**INSTRUCTIONS TO FOLLOW:**
The entries below contain pictures. Write out only the lines from the line with "2024年1月22日,西安培" up to and including the line with "Dumanlı kuvars, sitrin", exactly, without them.

**GIVEN DATA:**
○ ○ ○ ○ ○ ○ ○
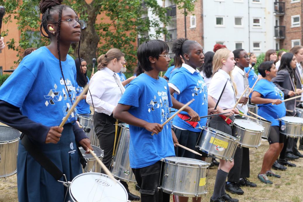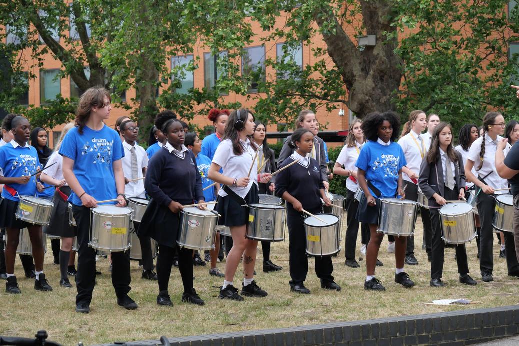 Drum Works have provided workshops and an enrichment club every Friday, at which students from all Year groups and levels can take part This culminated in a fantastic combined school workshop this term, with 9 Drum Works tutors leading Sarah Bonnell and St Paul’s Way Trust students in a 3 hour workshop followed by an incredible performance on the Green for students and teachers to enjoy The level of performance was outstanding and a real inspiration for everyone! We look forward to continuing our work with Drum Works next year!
○ ○ ○ ○ ○ ○ ○
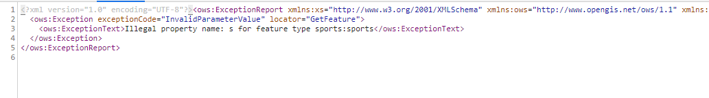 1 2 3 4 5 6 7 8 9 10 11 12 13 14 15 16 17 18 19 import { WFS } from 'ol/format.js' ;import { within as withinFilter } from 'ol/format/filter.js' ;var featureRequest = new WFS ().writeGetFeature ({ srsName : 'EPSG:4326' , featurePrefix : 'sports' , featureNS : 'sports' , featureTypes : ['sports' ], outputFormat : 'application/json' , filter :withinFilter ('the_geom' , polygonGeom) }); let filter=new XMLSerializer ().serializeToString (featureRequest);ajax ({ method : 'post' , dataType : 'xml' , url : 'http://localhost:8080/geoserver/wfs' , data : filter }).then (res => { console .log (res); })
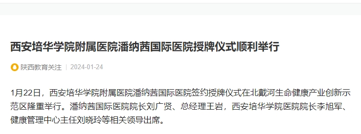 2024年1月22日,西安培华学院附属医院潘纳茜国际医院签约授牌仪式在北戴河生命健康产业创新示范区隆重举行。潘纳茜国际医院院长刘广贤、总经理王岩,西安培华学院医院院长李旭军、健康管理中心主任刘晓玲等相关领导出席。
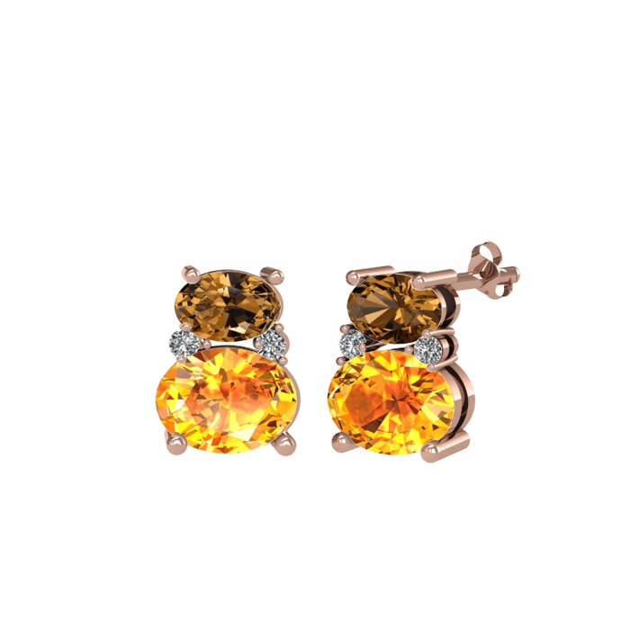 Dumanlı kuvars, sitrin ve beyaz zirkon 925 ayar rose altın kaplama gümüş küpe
○ ○ ○ ○ ○ ○ ○
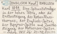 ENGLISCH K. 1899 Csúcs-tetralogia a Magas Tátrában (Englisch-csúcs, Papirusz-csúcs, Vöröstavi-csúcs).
○ ○ ○ ○ ○ ○ ○
**RESPONSE:**
 2024年1月22日,西安培华学院附属医院潘纳茜国际医院签约授牌仪式在北戴河生命健康产业创新示范区隆重举行。潘纳茜国际医院院长刘广贤、总经理王岩,西安培华学院医院院长李旭军、健康管理中心主任刘晓玲等相关领导出席。
 Dumanlı kuvars, sitrin ve beyaz zirkon 925 ayar rose altın kaplama gümüş küpe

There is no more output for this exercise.